As a Rare Disease Bernard–Soulier Syndrome in Differential Diagnosis of Immune Thrombocytopenic Purpura: A Case Report

Abstract

Introduction: Bernard–Soulier syndrome is a rare autosomal recessive disease that causes a deficiency of glycoprotein Ib, the receptor for von Willebrand factor, which is important for clot formation. It is estimated to occur in fewer than 1 per 1 million persons. The differential diagnosis includes von Willebrand disease, immune thrombocytopenic purpura, May–Hegglin anomaly, thrombocytopenia-absent radius syndrome, grey platelet syndrome, and other inherited giant platelet disorders. Case Presentation: A 30-year-old Turkish woman was admitted to the Department of Heamatology for evaluation of thrombocytopenia. Because she had repeated epistaxis during admission, she was assessed to evaluate for haemorrhagic diathesis. She had been diagnosed with immune thrombocytopenic purpura and given steroid therapy at different times. Peripheral blood smear was characterized by neutrophils 75%, lymphocytes 20%, monocytes 5%, giant platelets and platelets forming three to four clusters, a normal red blood cell morphology. A decreased ristocetin-induced platelet aggregation was detected in low and high concentration. On the basis of these findings, Bernard–Soulier syndrome was screened with flow cytometry and genetic mutation. CD41a 86.2%, CD42a 92.9%, CD42b 92.5%, and CD61 87.8% were detected in flow cytometry.

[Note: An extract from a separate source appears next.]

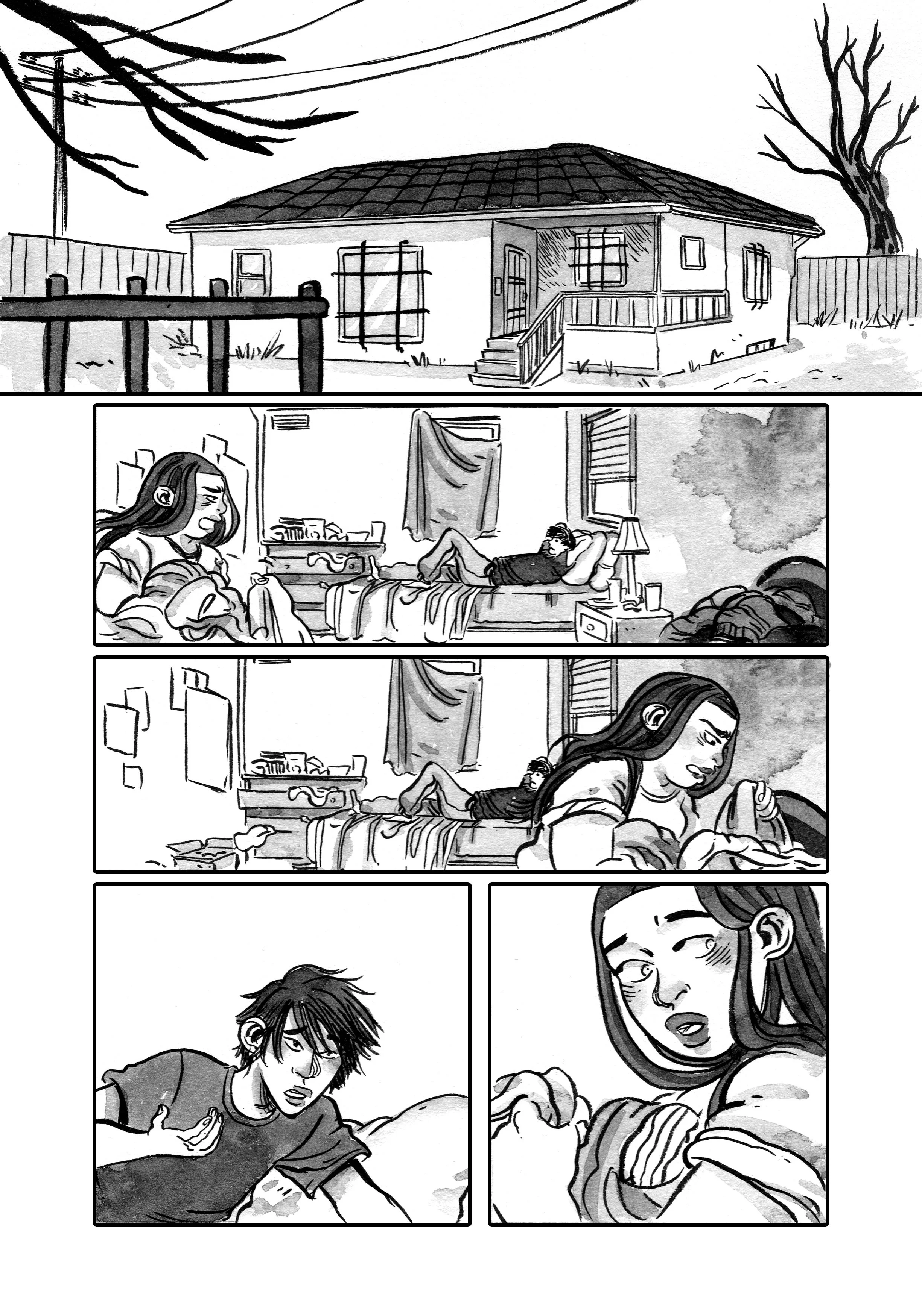 Pencils and inks on roughly-cut 9X14 Strathmore.

Normal platelet GPIb/IX levels by flow cytometry turned down the suspected diagnosis. genetic analysis, we have applied to our patient and her parents. We detected same mutation in patient and her mother. Laboratuar parameters and flow cytometry of mother did not support diagnosis of Bernard–Soulier syndrome. Conclusion: Bernard–Soulier syndrome should be considered before a young patient is diagnosed with immune thrombocytopenia purpura and peripheral blood smear should be examined for giant platelets.